**Records supplied:**
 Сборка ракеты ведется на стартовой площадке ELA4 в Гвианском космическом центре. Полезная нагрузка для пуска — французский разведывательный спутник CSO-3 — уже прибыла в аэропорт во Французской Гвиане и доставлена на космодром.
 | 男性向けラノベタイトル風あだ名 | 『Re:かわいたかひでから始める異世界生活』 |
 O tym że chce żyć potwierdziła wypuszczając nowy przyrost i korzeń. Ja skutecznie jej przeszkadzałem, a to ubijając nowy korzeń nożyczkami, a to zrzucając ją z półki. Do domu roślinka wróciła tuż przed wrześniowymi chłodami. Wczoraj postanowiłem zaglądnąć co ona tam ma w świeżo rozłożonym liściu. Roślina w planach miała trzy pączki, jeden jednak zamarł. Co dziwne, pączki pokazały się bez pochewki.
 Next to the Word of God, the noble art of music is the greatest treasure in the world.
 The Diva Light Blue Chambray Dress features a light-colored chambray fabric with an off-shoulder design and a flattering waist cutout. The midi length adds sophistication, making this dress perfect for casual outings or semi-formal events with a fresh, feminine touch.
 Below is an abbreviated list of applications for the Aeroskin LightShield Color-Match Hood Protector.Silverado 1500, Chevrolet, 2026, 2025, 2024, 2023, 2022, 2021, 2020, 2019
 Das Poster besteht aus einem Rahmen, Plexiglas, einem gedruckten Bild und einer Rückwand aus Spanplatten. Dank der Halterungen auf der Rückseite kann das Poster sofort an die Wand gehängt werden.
==
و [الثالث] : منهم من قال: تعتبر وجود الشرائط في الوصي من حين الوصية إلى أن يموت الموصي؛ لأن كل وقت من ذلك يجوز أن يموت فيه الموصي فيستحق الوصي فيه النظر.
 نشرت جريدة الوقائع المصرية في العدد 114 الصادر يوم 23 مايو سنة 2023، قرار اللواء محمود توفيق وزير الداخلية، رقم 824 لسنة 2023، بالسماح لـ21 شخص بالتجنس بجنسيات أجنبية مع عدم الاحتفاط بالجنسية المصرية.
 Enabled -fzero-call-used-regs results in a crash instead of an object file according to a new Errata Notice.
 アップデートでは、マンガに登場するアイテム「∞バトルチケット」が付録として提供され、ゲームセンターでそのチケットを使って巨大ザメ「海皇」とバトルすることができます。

**Your goal:** Extract from the records above the lines from the one containing "The Diva Light" to the one containing "Das Poster besteht", both lines included, exactly as they appear and with nothing else.

**Written answer:**
 The Diva Light Blue Chambray Dress features a light-colored chambray fabric with an off-shoulder design and a flattering waist cutout. The midi length adds sophistication, making this dress perfect for casual outings or semi-formal events with a fresh, feminine touch.
 Below is an abbreviated list of applications for the Aeroskin LightShield Color-Match Hood Protector.Silverado 1500, Chevrolet, 2026, 2025, 2024, 2023, 2022, 2021, 2020, 2019
 Das Poster besteht aus einem Rahmen, Plexiglas, einem gedruckten Bild und einer Rückwand aus Spanplatten. Dank der Halterungen auf der Rückseite kann das Poster sofort an die Wand gehängt werden.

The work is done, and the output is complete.